▸ Task requirements
Only the lines below, from the one with "vendo box da" through the one with "We completed the", are to be written out, exactly.

▸ Data supplied
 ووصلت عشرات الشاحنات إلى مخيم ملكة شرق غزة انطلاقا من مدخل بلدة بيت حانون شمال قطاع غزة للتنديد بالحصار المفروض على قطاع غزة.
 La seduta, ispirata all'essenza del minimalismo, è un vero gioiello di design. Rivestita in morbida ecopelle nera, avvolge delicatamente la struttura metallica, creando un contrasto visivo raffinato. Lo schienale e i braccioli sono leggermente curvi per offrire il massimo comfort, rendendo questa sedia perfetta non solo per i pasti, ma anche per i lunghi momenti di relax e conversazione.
==
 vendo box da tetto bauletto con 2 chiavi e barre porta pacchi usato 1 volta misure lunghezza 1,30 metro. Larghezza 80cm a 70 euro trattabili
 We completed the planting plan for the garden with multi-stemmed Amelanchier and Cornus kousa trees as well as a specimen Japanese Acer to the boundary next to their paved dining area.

▸ Answer space
 vendo box da tetto bauletto con 2 chiavi e barre porta pacchi usato 1 volta misure lunghezza 1,30 metro. Larghezza 80cm a 70 euro trattabili
 We completed the planting plan for the garden with multi-stemmed Amelanchier and Cornus kousa trees as well as a specimen Japanese Acer to the boundary next to their paved dining area.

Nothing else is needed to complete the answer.